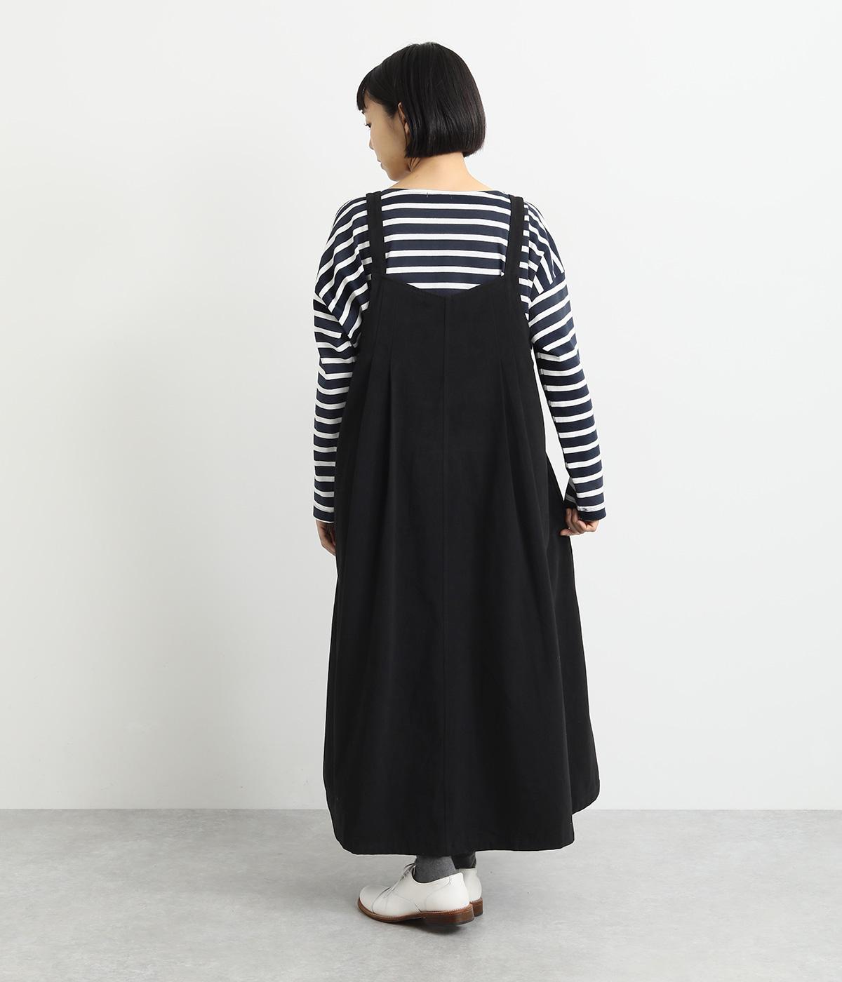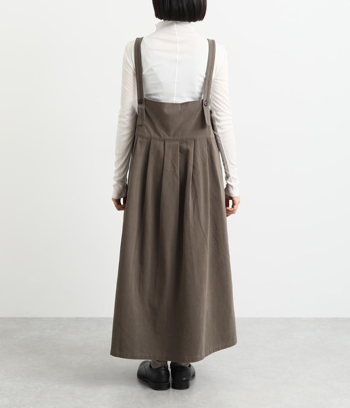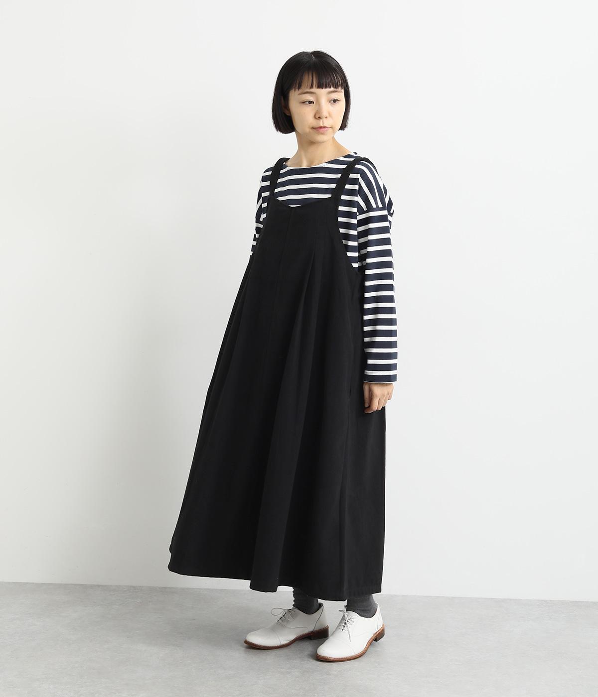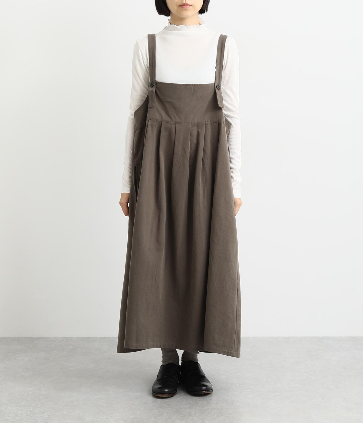 胸元からふわっと広がる面と、タックでストンと落ちる面の2way仕様。シルエットを変えて楽しめる一枚です。紐はボタンで調節可能です。カジュアルにもきれいめにも合わせやすく、ロングシーズン活躍します。
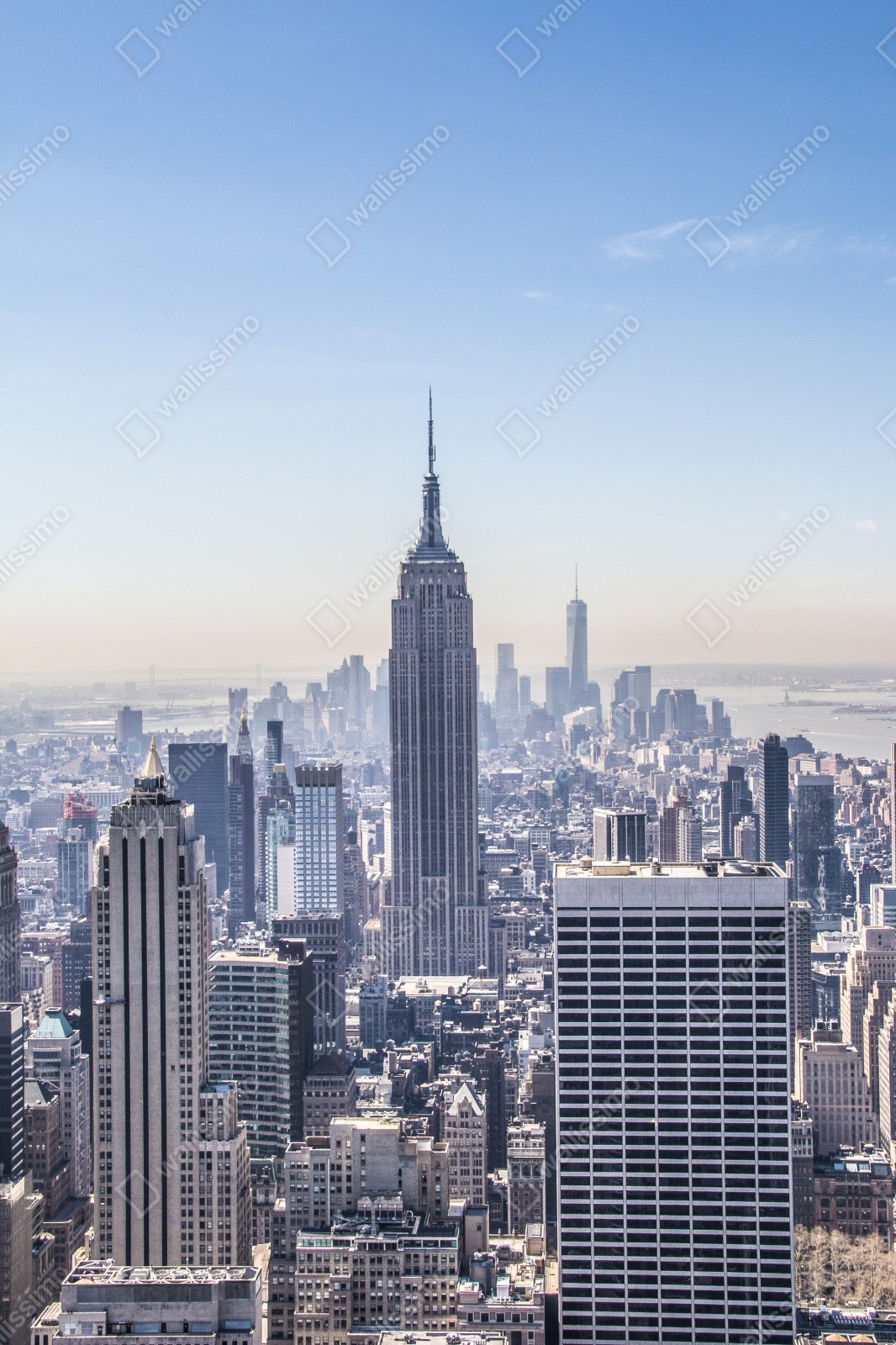 Verwandeln Sie Ihren Raum mit einem klaren Stadtbild von New York und dem Empire State Building vor blauem Himmel, ideal für moderne Einrichtungen.
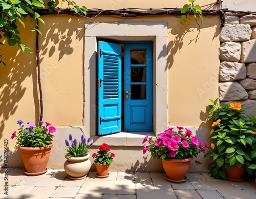 Sunlit Mediterranean Courtyard with Rustic Blue Window Shutter
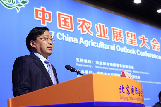 韩俊副主任在讲话中指出,《中国农业展望报告》连续4年发布,报告受到政府决策部门和产业界越来越高的重视,在政府决策中也起到了越来越重要的作用。我国农业展望工作虽然起步相对比较晚,但经过多年努力,已经形成了一支高水平的专家队伍。他强调,中国是一个农业生产和贸易大国,要加快建立健全权威、规范、持续的农业数据信息收集、分析和发布体系,加快建立全球农业数据调查分析系统。他强调,推动农业供给侧结构性改革,必须把保障国家的粮食安全作为一个基本的底线,调减玉米等供过于求的粮食品种,但绝不能损害粮食生产能力,稳定水稻、小麦生产,确保谷物基本自给、口粮绝对安全。他指出,中国已经成为最大的农产品进口国,在市场上影响很大,世界各国都非常关注,应该通过农业展望报告,更加主动的发出中国的声音。

- YOUR INSTRUCTIONS: Please return exactly the lines from the one containing "Sunlit Mediterranean Courtyard" through the end of the material above, both ends included, but not the pictures.

- PROBLEM SOLUTION:
 Sunlit Mediterranean Courtyard with Rustic Blue Window Shutter
 韩俊副主任在讲话中指出,《中国农业展望报告》连续4年发布,报告受到政府决策部门和产业界越来越高的重视,在政府决策中也起到了越来越重要的作用。我国农业展望工作虽然起步相对比较晚,但经过多年努力,已经形成了一支高水平的专家队伍。他强调,中国是一个农业生产和贸易大国,要加快建立健全权威、规范、持续的农业数据信息收集、分析和发布体系,加快建立全球农业数据调查分析系统。他强调,推动农业供给侧结构性改革,必须把保障国家的粮食安全作为一个基本的底线,调减玉米等供过于求的粮食品种,但绝不能损害粮食生产能力,稳定水稻、小麦生产,确保谷物基本自给、口粮绝对安全。他指出,中国已经成为最大的农产品进口国,在市场上影响很大,世界各国都非常关注,应该通过农业展望报告,更加主动的发出中国的声音。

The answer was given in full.